# still confused after so many years..anymore insight?



## theshiva89 (Nov 17, 2015)

so it all started back when I was a senior in high school. I came from a rather small town, and people were super close minded there, including my parents. A few people had came out of the closet, but not many. Anyways, I would notice myself checking out other men's penile regions during P.E. I didnt think much of it at the time, as I thought it was normal and that I was just comparing the size of my penis to other guys. Fast forward to my freshman year of college, and I noticed that I started becoming more curious about anything that involved the penis. From giving oral sex, to getting anal..the curiosity grew by the day.
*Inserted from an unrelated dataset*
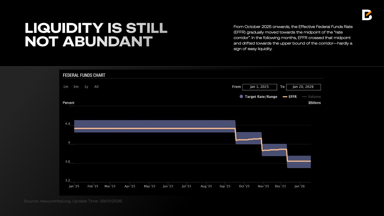 Indeed, between September and December 2025, amid “concerns about a weakening labour market”, the Federal Reserve delivered three “defensive” rate cuts and, in December, announced the end of quantitative tightening. But this did not produce the liquidity flood investors had hoped for. From October 2025 onwards, the Effective Federal Funds Rate (EFFR) gradually moved towards the midpoint of the “rate corridor”. In the following months, EFFR crossed that midpoint and drifted towards the upper bound of the corridor—hardly a sign of easy liquidity.

I started looking at bi and gay porn on occasion, and that just made the fantasies more intense, more vivid. Fast forward a couple years, and I meet my wife. Urges are still there, and trying to push them away. I began to seek the advice from her female friends after we graduated from college. I didnt know how to handle my thoughts, and thought it was a good idea at the time. The sad thing was, it ended up costing my wife and i the friendship with her best female friend from college. The girl was in our wedding too. Apparently she didnt appreciate me talking to her before my wife. my wife and I have spoken a few times about things..but its always kinda akward. It has been discussed twice. Once after she found out i had spoken to other women, and the second was after i had trouble performing during sex.

What do you all think? Was I wrong for seeking advice from her friends? How do I deal with the shame I feel from these fantasies? Is this common?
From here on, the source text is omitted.